Friday, January 11, 2013

Uncontroversies

I hope to write a post about our school district’s proposed diversity policy soon. In the meantime, one quick thought. Over the past few years, our district seems to have been roiled by one controversy after another, as redistricting plans have been proposed, rejected, modified, redrawn, and postponed, and different constituencies have lobbied for conflicting spending priorities, and now as the district considers a proposal to minimize socioeconomic disparities between school populations.

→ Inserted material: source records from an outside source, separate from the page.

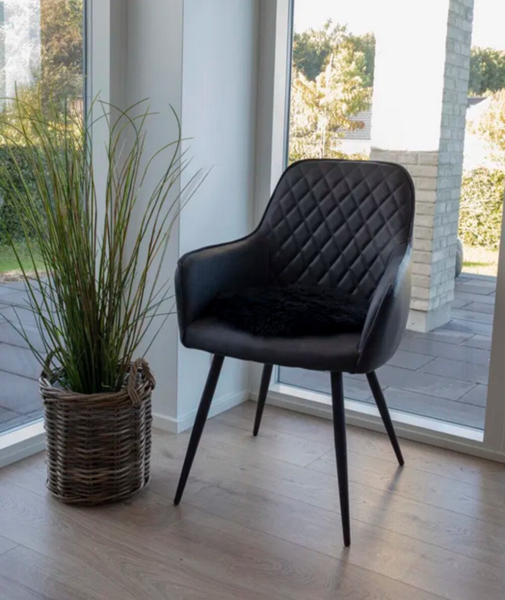Elsker du den skandinaviske/nordiske hyggelige indretningsstil så se engang dette smukke Ægte New Zealandsk lammeskindshynde i sort. Læg hynden på stolen eller bænken og skab hygge og varme.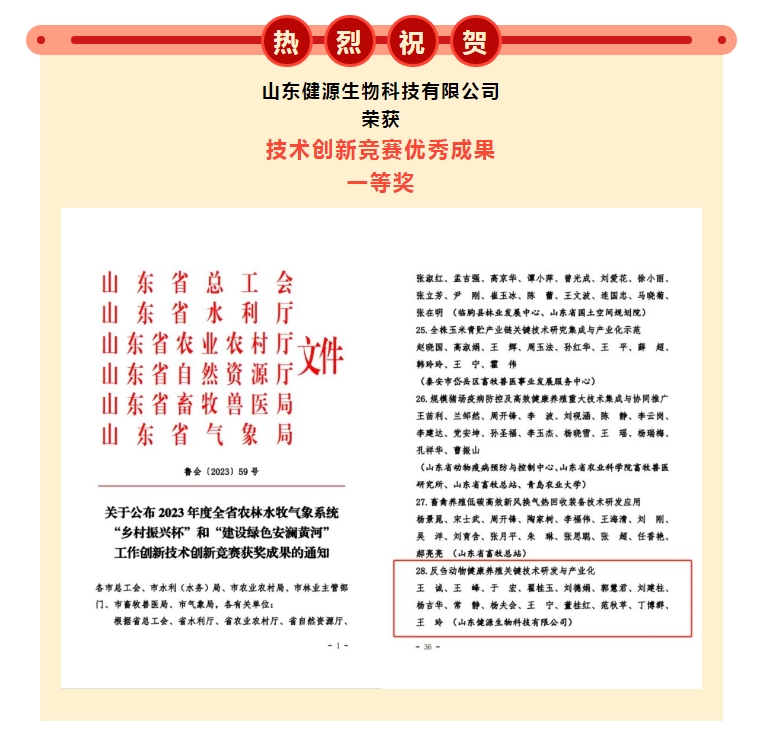 2024-1-23 健源生物榮獲2023年度全省技術(shù)創(chuàng)新競賽優(yōu)秀成果一等獎(jiǎng)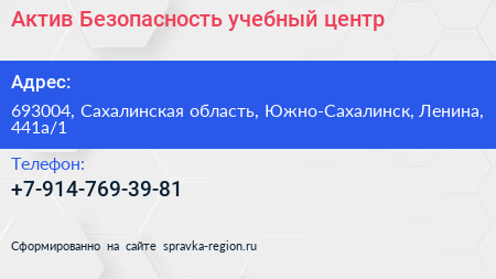Актив-Безопасность, учебный центр по адресу 693004, Сахалинская область, Южно-Сахалинск, Ленина, 441а/1 в дальнейшем Организация, размещена в следующих категориях: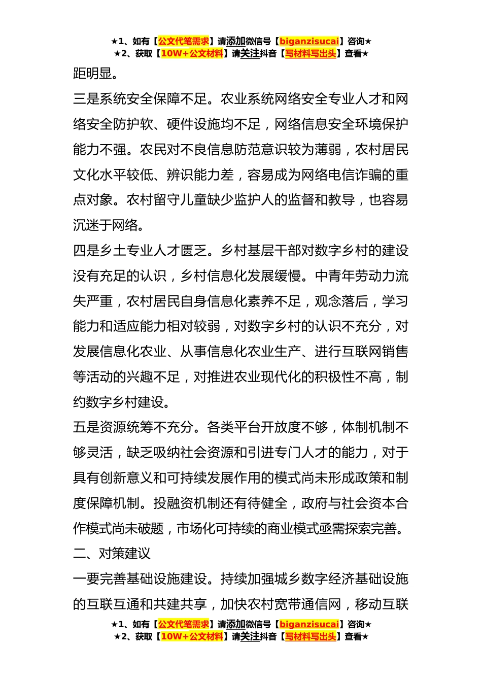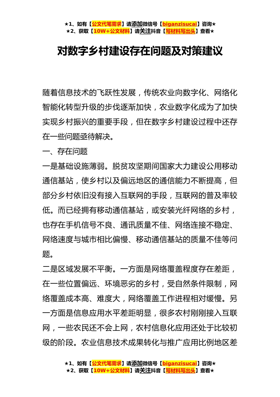 ★1、如有【公文代笔需求】请添加微信号【biganzisucai】咨询★★2、获取【10W+公文材料】请关注抖音【写材料写出头】查看★对数字乡村建设存在问题及对策建议随着信息技术的飞跃性发展,传统农业向数字化、网络化智能化转型升级的步伐逐渐加快,农业数字化成为了加快实现乡村振兴的重要手段,但在数字乡村建设过程中还存在一些问题亟待解决。一、存在问题一是基础设施薄弱。脱贫攻坚期间国家大力建设公用移动通信基站,使乡村以及偏远地区的通信能力不断提高,但部分乡村依旧没有接入互联网的手段,互联网的普及率较低。而已经拥有移动通信基站,或安装光纤网络的乡村,也存在手机信号不良、通讯质量不佳、网络连接不稳定、网络速度与城市相比偏慢、移动通信基站的质量不佳等问题。二是区域发展不平衡。一方面是...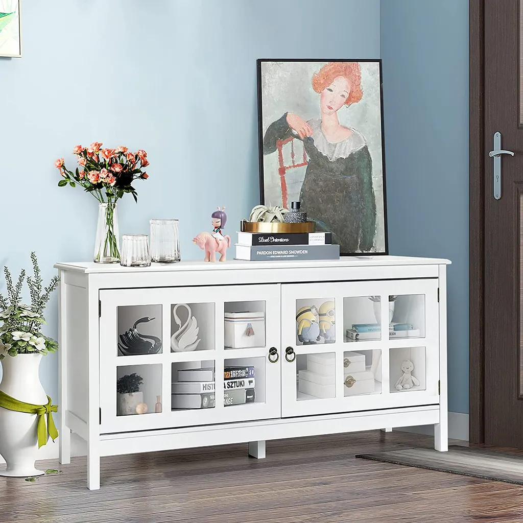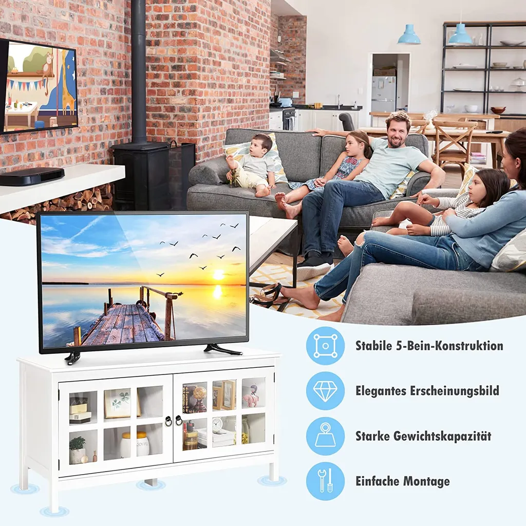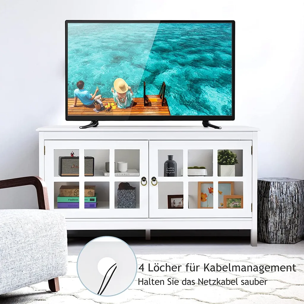 GOPLUS Fernsehschrank Für TV Bis Zu 50 Zoll, Lowboard Fernsehtisch, Gehärtetem Glas Für Leichte Kabelführung, Für Wohnzimmer Balkon Schlafzimmer (Weiß)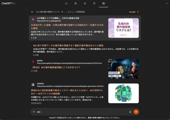 ChatGPT Atlasは、一見するとWeb上で利用できるChatGPTと同じように見えるが、実際には3つのモードがある。新規タブを開いて最初に現れるのが、「ブラウジングモード」だ。ここで調べたい事柄を入力すると、AIによる回答とともに、検索によって得られたページが表示される。検索によって得られたページは、一番上のアイコン、「検索する」「画像」「動画」「ニュース」のタブによって分類されている。基本的にはこのモードが標準状態である。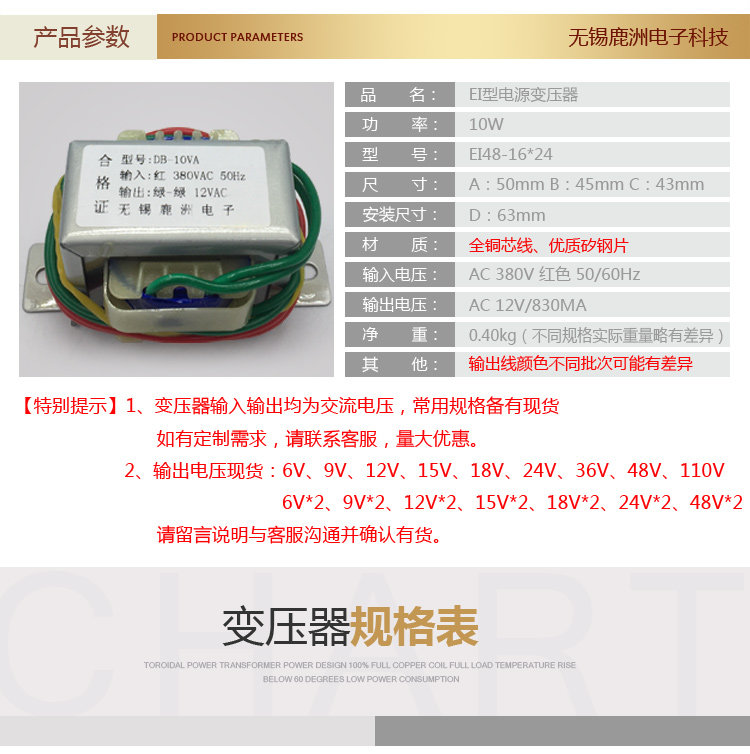 Трансформатор, безопасный медный блок питания, 10W, 380v, 12v, 380v

All that’s fine; there’s nothing wrong with conflict and controversy. Yet I can’t help but think: if the district gave all elementary schoolers a thirty-minute lunch period, starting today, absolutely nobody would complain. There would be no angry phone calls. Nobody would start a petition to cut lunch back to fifteen minutes.

If the district suddenly stopped requiring all the schools to implement PBIS—its behavioral reward program that uses prizes to get kids to be quiet and obedient—nobody would complain. There would be no controversy. Many parents would be happier; others would accept the change passively, just as they accepted the institution of PBIS three years ago. Even parents who like the program would be unlikely to make a stink. No petitions, no angry email chains, no packed school board meetings.

If the district cut the amount of standardized testing in half (or more!), no parents would protest. None.

But those ideas are the ones that are ignored, considered unrealistic, outside the mainstream? Please explain!